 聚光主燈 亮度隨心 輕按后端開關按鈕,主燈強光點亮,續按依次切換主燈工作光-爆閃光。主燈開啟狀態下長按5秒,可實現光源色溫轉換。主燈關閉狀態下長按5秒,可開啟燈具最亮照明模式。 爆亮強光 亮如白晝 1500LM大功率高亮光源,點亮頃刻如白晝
+---+
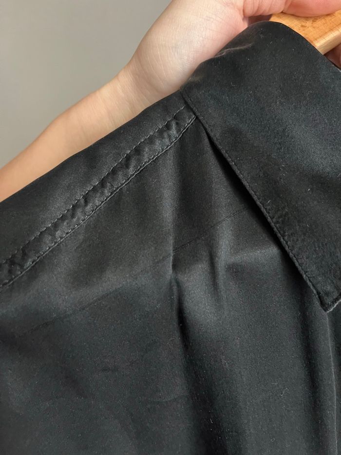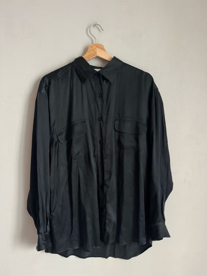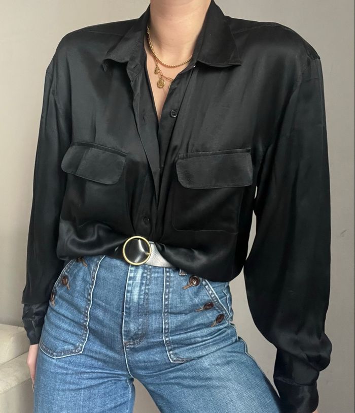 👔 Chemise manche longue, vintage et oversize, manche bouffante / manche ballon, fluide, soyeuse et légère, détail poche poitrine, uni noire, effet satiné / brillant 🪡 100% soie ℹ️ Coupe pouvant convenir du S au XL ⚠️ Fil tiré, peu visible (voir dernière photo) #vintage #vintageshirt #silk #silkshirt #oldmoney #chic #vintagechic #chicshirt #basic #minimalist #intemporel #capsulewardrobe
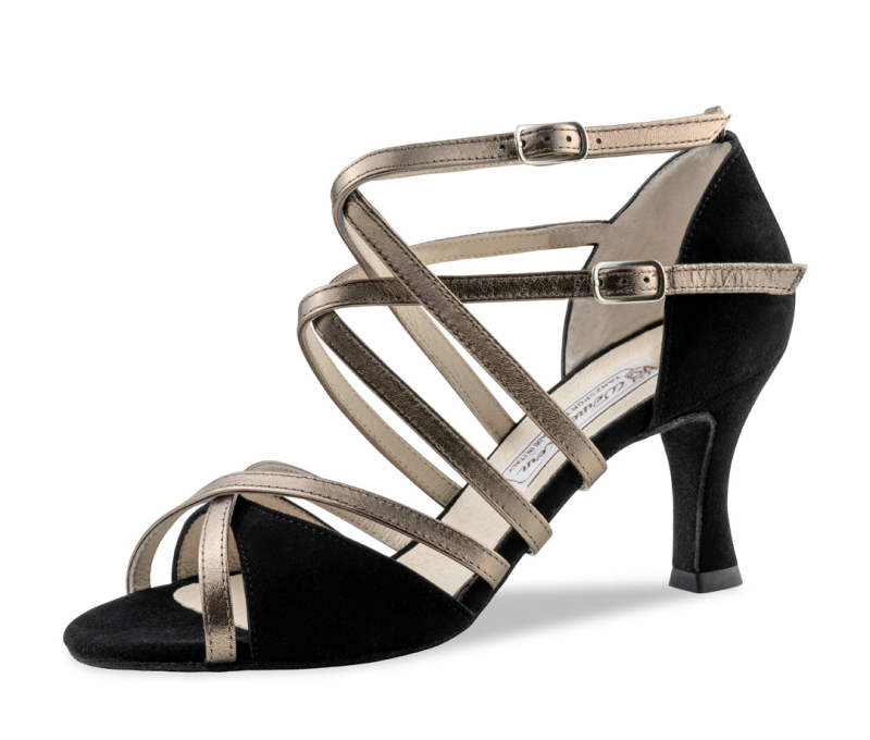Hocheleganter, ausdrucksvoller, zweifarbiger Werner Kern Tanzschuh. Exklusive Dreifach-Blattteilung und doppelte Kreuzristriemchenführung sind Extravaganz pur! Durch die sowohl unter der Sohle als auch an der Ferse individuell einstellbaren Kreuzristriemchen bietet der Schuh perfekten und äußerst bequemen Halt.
+---+
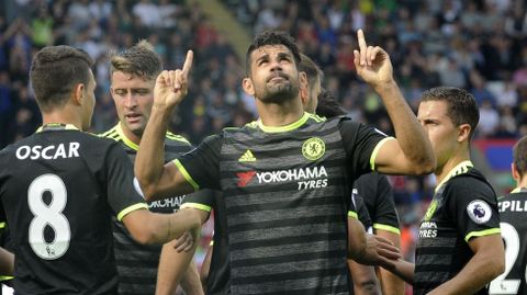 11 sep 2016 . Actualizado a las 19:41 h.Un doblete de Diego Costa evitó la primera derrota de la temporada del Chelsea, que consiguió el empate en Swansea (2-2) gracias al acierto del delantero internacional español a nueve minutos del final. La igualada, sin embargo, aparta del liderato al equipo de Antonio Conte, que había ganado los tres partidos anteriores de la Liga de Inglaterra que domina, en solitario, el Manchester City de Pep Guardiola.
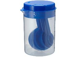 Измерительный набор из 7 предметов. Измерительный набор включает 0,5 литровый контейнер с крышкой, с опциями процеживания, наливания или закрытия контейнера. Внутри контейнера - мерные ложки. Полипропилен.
+---+
### BRIEF
Repeat exactly the stretch of the listing above that starts with the line holding "#minimalist #intemporel #capsulewardrobe" and finishes with the line holding "Hocheleganter, ausdrucksvoller, zweifarbiger", both included. Skip every picture.

### RESPONSE TO THIS TASK
 👔 Chemise manche longue, vintage et oversize, manche bouffante / manche ballon, fluide, soyeuse et légère, détail poche poitrine, uni noire, effet satiné / brillant 🪡 100% soie ℹ️ Coupe pouvant convenir du S au XL ⚠️ Fil tiré, peu visible (voir dernière photo) #vintage #vintageshirt #silk #silkshirt #oldmoney #chic #vintagechic #chicshirt #basic #minimalist #intemporel #capsulewardrobe
Hocheleganter, ausdrucksvoller, zweifarbiger Werner Kern Tanzschuh. Exklusive Dreifach-Blattteilung und doppelte Kreuzristriemchenführung sind Extravaganz pur! Durch die sowohl unter der Sohle als auch an der Ferse individuell einstellbaren Kreuzristriemchen bietet der Schuh perfekten und äußerst bequemen Halt.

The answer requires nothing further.